-------- DATA RECORDS --------

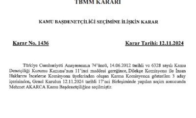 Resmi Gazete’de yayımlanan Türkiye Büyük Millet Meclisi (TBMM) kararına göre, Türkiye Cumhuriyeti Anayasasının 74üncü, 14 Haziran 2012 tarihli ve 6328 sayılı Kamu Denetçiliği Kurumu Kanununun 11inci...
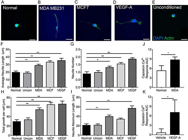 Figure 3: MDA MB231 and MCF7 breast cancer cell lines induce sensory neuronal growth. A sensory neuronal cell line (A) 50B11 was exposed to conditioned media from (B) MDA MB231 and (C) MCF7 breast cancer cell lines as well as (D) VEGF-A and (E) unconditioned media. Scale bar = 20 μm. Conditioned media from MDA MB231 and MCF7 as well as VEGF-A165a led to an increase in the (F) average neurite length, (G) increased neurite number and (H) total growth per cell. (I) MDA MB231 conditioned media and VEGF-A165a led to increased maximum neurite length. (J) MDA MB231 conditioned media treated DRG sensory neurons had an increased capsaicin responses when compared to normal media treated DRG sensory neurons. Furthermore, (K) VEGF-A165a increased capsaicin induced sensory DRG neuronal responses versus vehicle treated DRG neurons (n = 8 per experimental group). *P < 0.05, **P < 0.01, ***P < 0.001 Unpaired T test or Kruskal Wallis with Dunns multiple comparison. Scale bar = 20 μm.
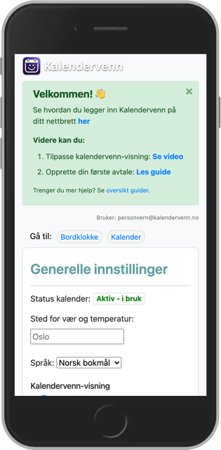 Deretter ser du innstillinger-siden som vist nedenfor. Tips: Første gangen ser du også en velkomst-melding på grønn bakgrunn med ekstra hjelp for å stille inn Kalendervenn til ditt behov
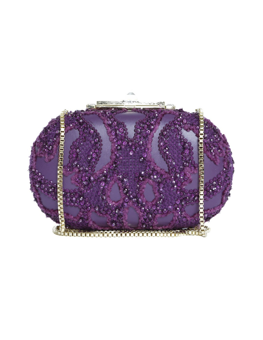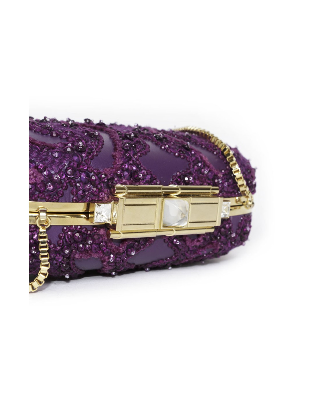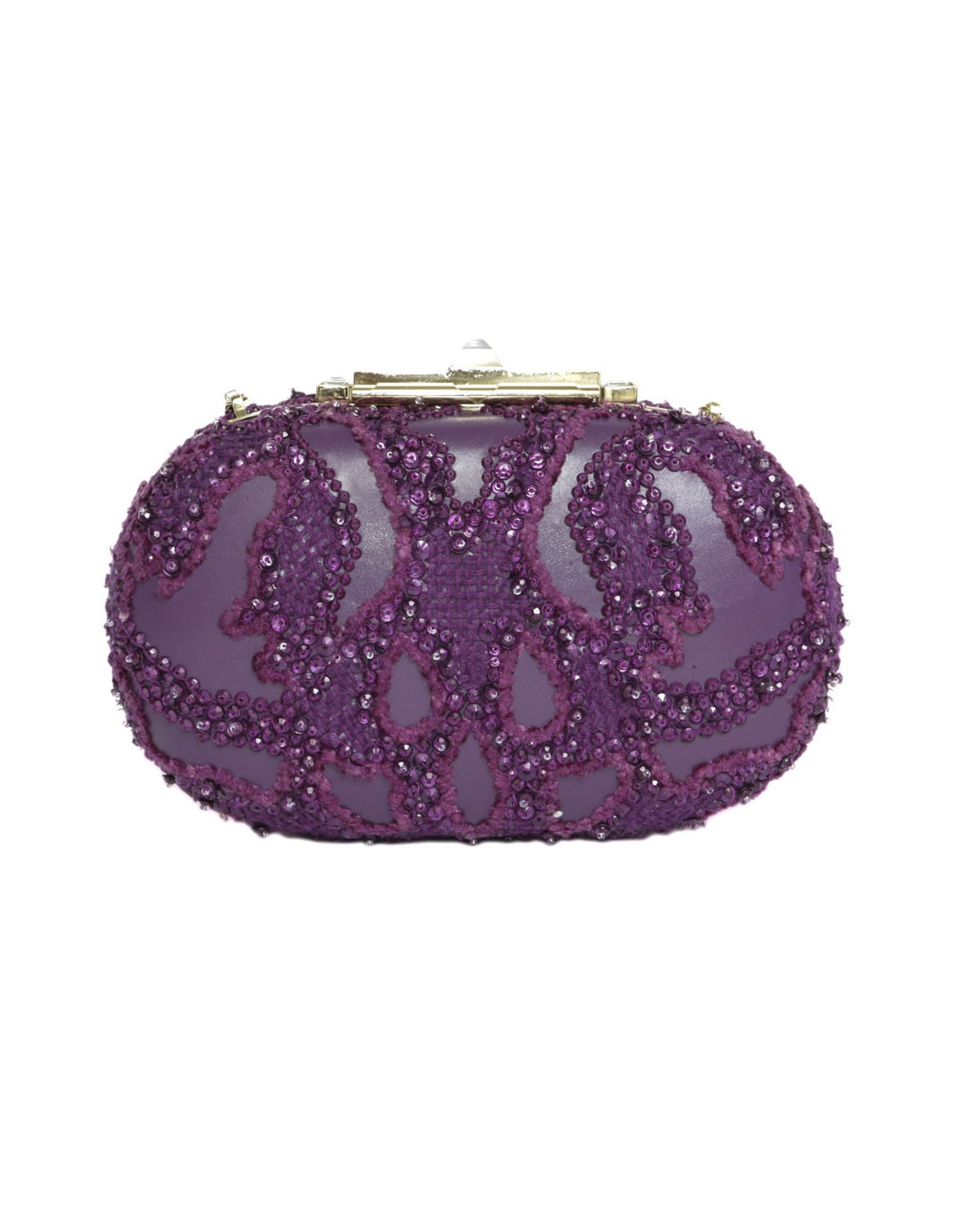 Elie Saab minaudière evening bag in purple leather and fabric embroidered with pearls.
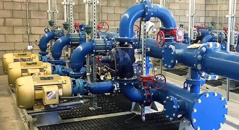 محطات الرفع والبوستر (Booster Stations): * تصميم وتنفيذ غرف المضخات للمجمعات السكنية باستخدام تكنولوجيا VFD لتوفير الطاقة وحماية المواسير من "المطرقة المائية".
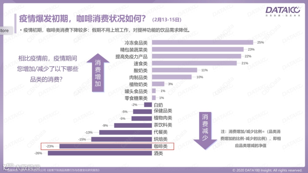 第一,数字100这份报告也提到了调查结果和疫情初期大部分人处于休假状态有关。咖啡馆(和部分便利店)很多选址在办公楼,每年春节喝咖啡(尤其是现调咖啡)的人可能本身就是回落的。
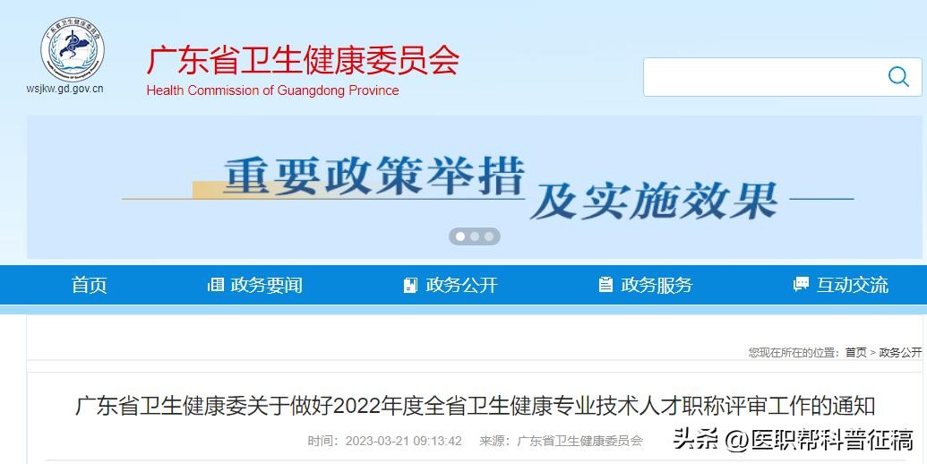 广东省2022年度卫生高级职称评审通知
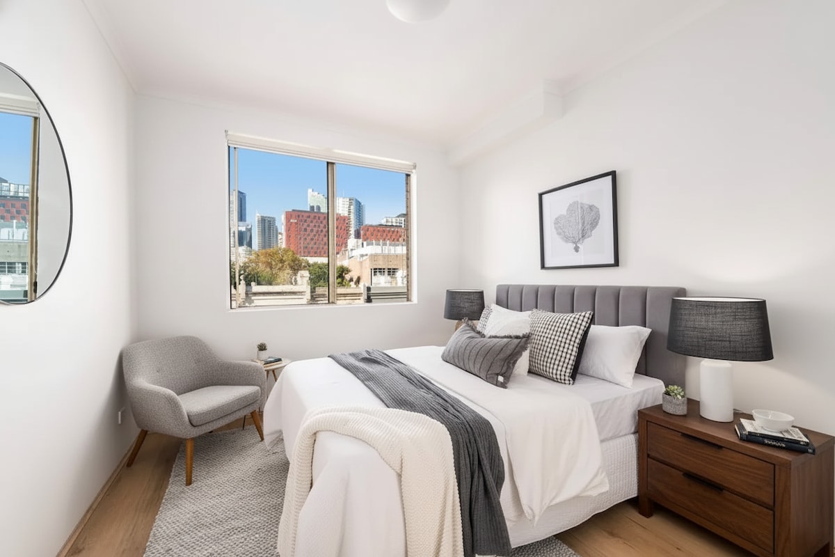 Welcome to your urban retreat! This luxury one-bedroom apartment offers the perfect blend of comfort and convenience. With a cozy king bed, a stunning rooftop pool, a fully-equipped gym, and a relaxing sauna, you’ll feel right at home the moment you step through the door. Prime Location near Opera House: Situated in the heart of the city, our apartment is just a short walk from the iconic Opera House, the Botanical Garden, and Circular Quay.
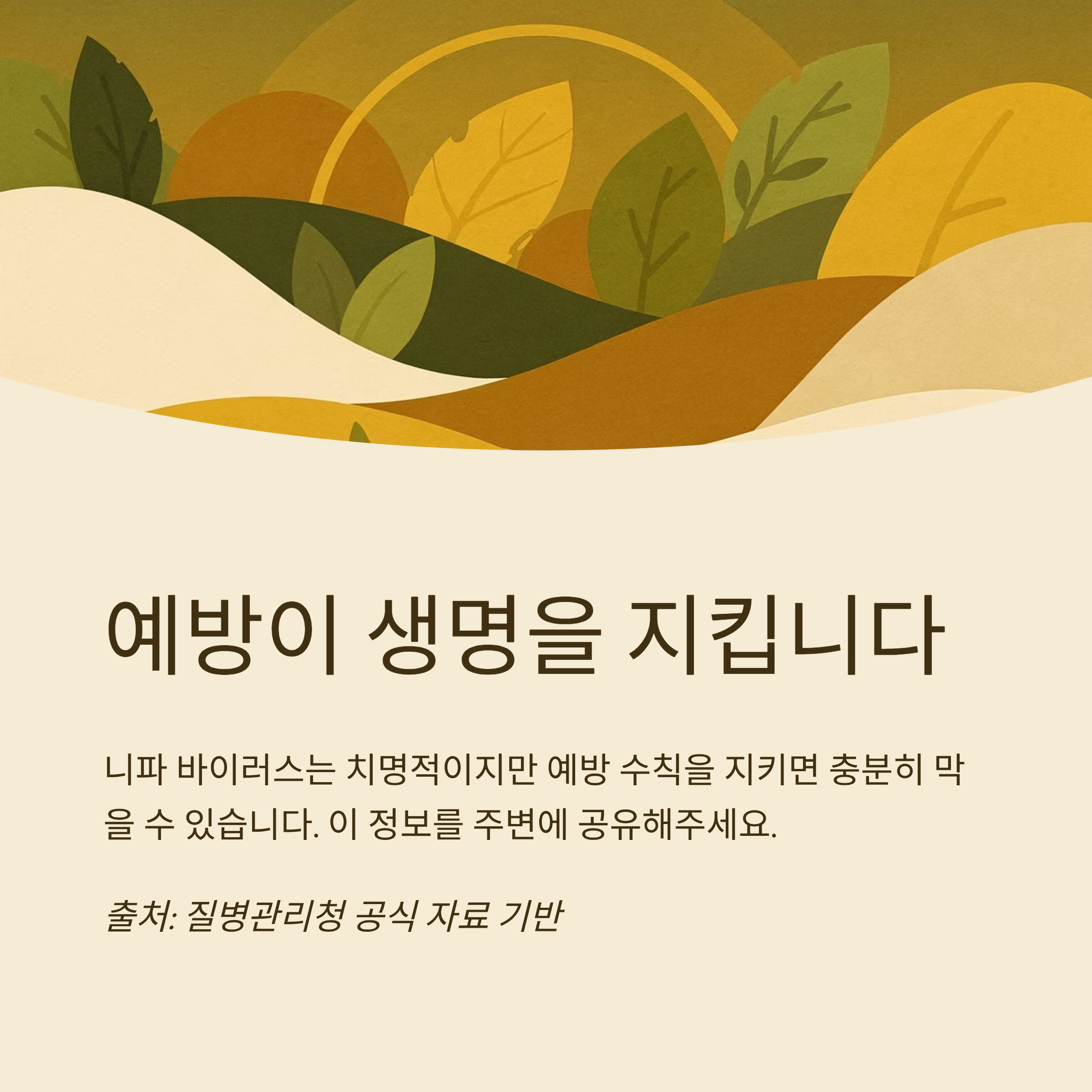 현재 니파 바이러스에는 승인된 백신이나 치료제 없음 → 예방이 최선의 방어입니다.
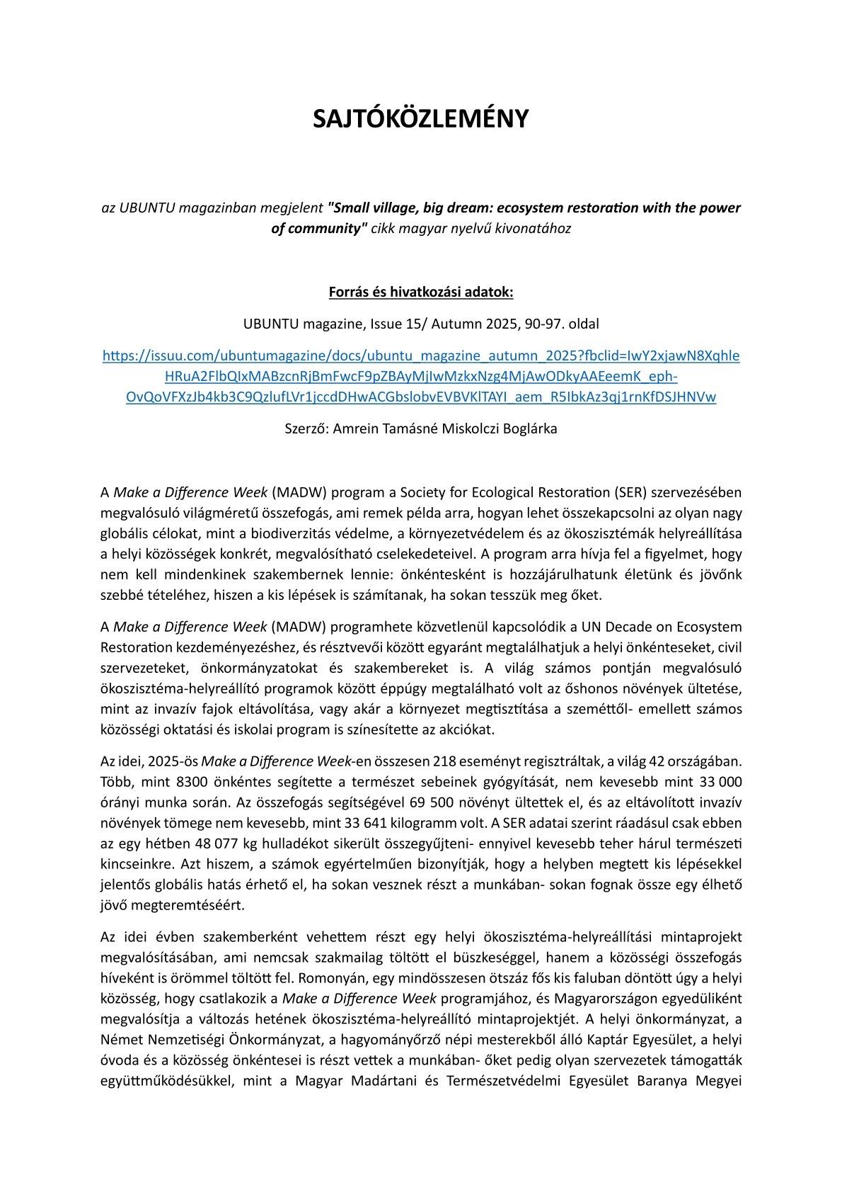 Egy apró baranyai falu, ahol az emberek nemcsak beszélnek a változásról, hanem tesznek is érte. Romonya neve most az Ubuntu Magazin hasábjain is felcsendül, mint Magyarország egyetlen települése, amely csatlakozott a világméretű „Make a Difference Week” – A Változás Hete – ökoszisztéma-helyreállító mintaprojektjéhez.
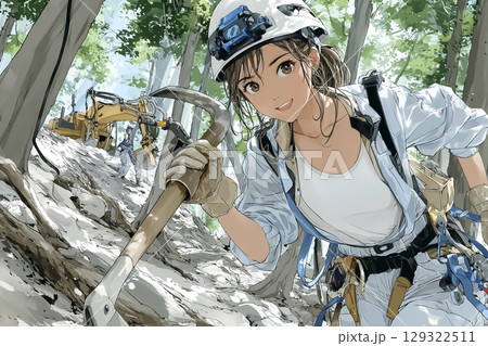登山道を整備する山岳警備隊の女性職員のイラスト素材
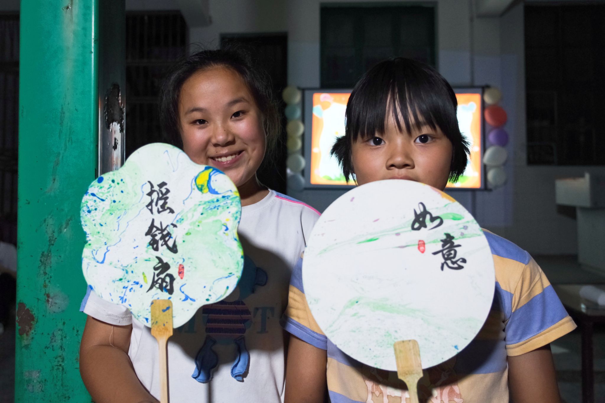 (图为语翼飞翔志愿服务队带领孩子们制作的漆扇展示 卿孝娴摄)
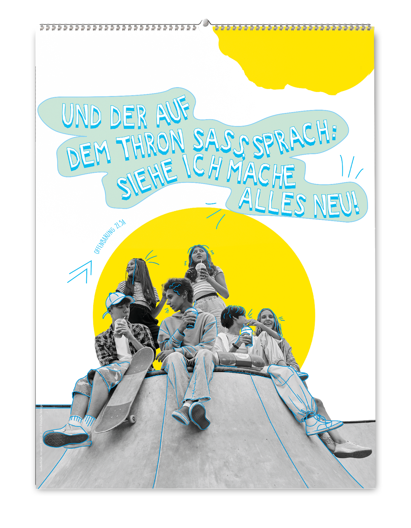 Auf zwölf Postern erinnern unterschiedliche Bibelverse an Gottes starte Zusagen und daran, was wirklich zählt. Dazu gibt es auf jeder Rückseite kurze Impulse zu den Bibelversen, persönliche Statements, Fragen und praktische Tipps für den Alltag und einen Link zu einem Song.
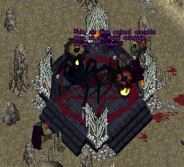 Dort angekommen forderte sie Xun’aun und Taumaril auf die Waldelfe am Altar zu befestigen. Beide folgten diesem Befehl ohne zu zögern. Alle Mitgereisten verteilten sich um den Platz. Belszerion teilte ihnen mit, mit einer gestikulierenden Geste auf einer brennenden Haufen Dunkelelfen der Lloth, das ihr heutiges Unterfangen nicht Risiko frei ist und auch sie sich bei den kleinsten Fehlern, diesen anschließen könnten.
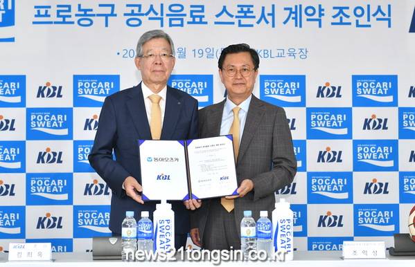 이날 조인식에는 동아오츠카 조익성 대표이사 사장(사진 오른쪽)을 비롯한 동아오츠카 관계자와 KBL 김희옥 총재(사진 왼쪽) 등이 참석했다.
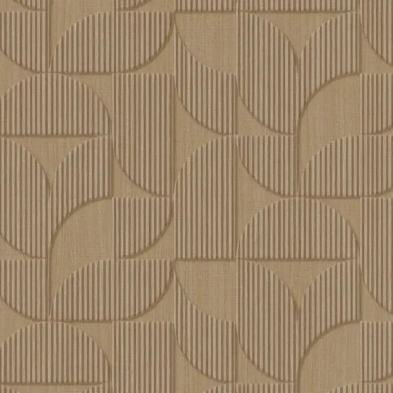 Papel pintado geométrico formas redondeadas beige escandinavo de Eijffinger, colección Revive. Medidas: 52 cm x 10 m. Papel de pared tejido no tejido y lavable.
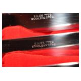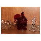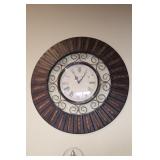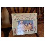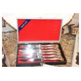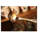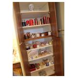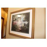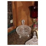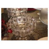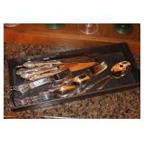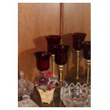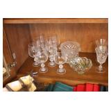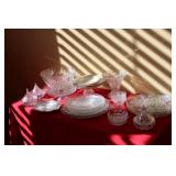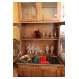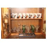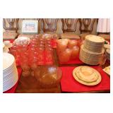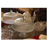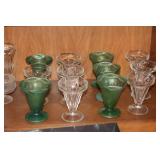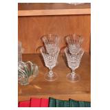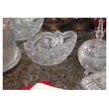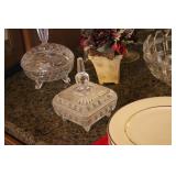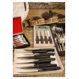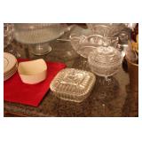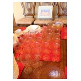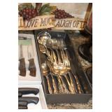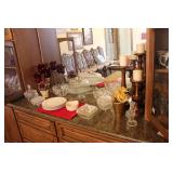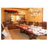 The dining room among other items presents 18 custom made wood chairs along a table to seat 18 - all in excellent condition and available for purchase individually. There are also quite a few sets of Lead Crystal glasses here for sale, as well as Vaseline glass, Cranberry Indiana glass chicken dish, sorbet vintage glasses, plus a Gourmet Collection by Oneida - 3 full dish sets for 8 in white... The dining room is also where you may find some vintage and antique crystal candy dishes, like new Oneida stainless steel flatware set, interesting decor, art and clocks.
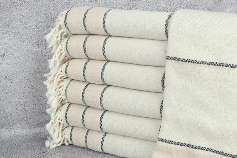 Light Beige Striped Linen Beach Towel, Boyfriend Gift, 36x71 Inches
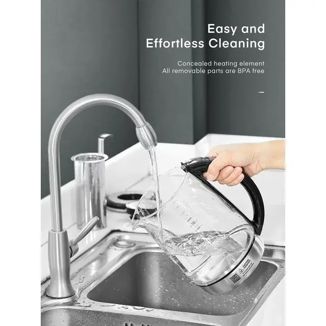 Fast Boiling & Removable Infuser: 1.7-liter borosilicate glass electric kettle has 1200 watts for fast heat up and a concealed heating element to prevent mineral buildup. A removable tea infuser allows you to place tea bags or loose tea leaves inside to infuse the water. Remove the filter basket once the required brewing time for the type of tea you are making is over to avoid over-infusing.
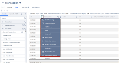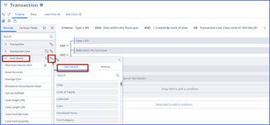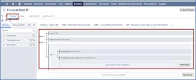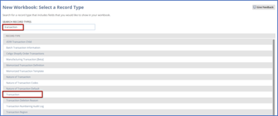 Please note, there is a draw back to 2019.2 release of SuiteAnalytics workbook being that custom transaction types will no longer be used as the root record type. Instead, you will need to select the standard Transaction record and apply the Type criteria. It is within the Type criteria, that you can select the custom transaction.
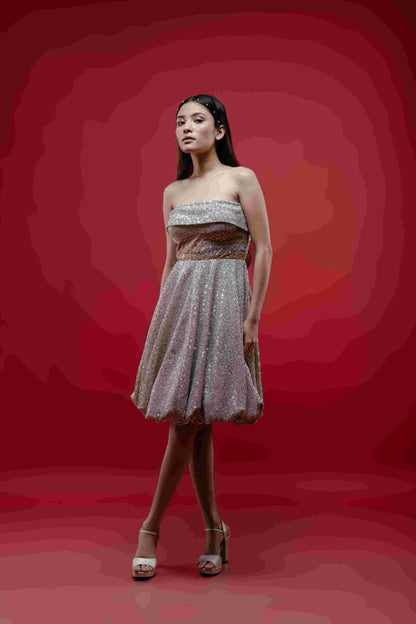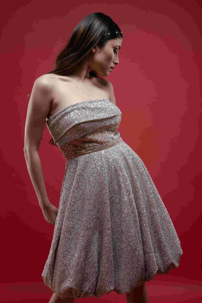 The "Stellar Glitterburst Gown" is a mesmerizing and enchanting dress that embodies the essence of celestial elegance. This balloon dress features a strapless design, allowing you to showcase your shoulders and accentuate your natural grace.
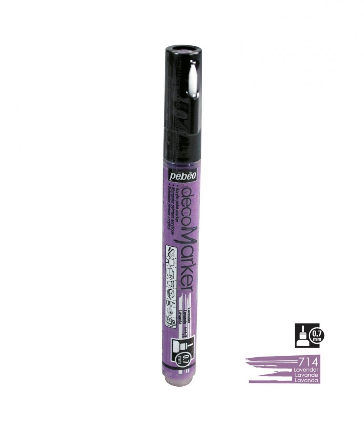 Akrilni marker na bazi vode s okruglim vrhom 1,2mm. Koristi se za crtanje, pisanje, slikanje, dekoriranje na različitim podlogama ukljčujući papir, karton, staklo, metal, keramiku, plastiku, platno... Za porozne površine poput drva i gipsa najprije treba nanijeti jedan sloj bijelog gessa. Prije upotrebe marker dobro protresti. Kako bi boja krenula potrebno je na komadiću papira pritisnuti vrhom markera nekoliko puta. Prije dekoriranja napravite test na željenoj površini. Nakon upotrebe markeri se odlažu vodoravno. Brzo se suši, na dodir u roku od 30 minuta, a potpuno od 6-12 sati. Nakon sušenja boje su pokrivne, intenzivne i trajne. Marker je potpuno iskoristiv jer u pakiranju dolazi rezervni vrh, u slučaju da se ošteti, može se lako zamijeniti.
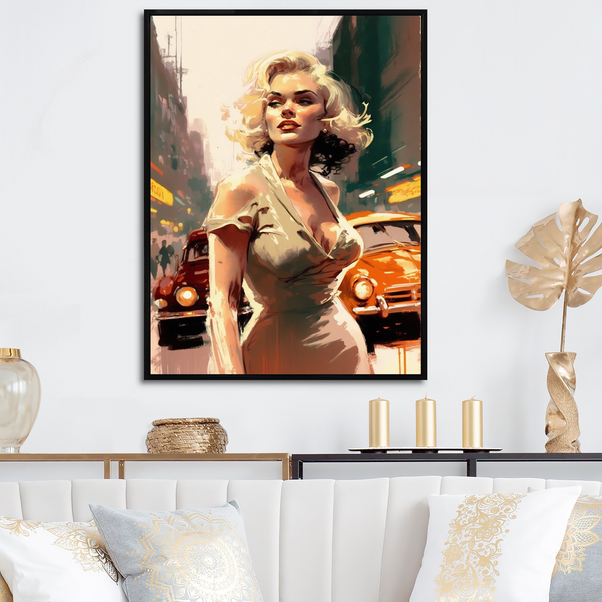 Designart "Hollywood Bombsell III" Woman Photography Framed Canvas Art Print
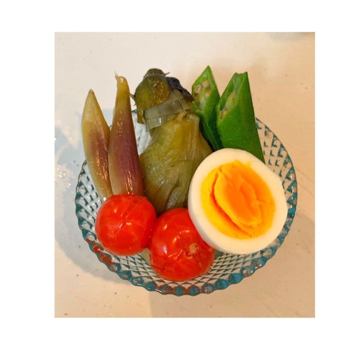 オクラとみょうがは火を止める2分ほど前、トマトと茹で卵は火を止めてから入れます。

--------

▸ EXERCISE DETAILS
Produce an exact reproduction of the listing above, limited to the lines starting at the line with "(图为语翼飞翔志愿服务队带领孩子们制作的漆扇展示 卿孝娴摄)" and ending at the line with "Auf zwölf Postern", both kept, with every picture left out.

▸ SOLUTION FOR THIS TASK
 (图为语翼飞翔志愿服务队带领孩子们制作的漆扇展示 卿孝娴摄)
 Auf zwölf Postern erinnern unterschiedliche Bibelverse an Gottes starte Zusagen und daran, was wirklich zählt. Dazu gibt es auf jeder Rückseite kurze Impulse zu den Bibelversen, persönliche Statements, Fragen und praktische Tipps für den Alltag und einen Link zu einem Song.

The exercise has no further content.